Goldberg's approach to religion-science issues might be categorized as "separate-but-equal," recognizing that each has distinctive contributions to make. He sees the central religious message of "humility, values, and faith" (118ff) as a necessary counterweight to temptations toward uncontrolled materialism. His conclusion echoes his central concern and challenge from the beginning: "The question is not whether we are free to make spiritual values temper material progress. The question is whether we will choose to do so" (p. 151).
At the same time, one cannot help but wonder how such an approach is viewed by the true Darwinists in the scientific community -- those for whom the material world is the only effective reality. From their perspective, Goldberg's fine argumentation is much ado about nothing, as are the efforts of the publications and foundations mentioned at the beginning of this review. And while such individuals are obviously not the audience Goldberg endeavors to reach in this volume, that certainly does not mean that they have no influence in shaping the issues of religion-science debate.

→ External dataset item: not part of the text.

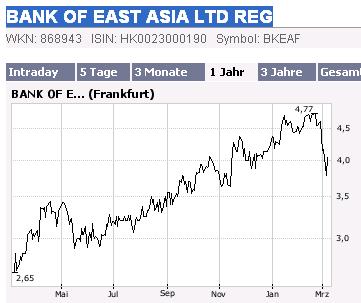 Die BANK OF EAST ASIA LTD. hat Heute nach der Korrektur wieder ihren Weg Richtung Norden begonnen.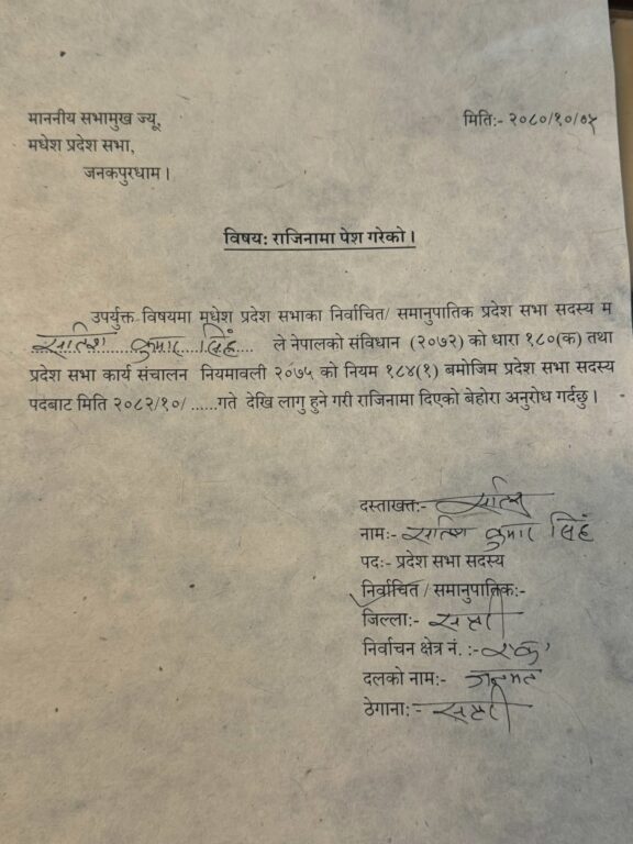 प्रतिनिधिसभाको उम्मेदवार बन्न मधेस प्रदेशका पूर्वमुख्यमन्त्री सिंहद्वारा सांसद पदबाट राजीनामा

A final concern I have with Goldberg's discussion is where he leaves us at the end of his admittedly fine presentation. In other words, where do we go from here? He argues effectively for the continuing validity of offering religious perspectives in scientific debates, and especially for the right of faith communities to train their children in the values and doctrines of those faiths (chapter nine). Yet I fail to see many practical suggestions on how to express religious concerns, or venues for accomplishing this goal. Goldberg affirms the validity of religious values being taught in the home and in local churches and synagogues, but offers little practical hope for more responsible or practical religious input in public debates.
Nevertheless, this book commends itself to a potentially wide audience. It deserves to be read by professors and students who want to understand the historical application of the First Amendment with regard to the free exercise of religion. (I have plans to use it in the future in a course on contemporary Christian cultural issues.) The central section of the book was most helpful and is perhaps Goldberg's finest contribution, despite the fact that it drifts away from the initial discussions of religion and science. More in line with Goldberg's purpose, however, this book deserves to be read by those who wish to understand some of the modern religion-science issues of debate, and how thoughtful people of faith might respond. Professor Goldberg has clearly affirmed the relevance of religious faith for the issues and developments of the modern world.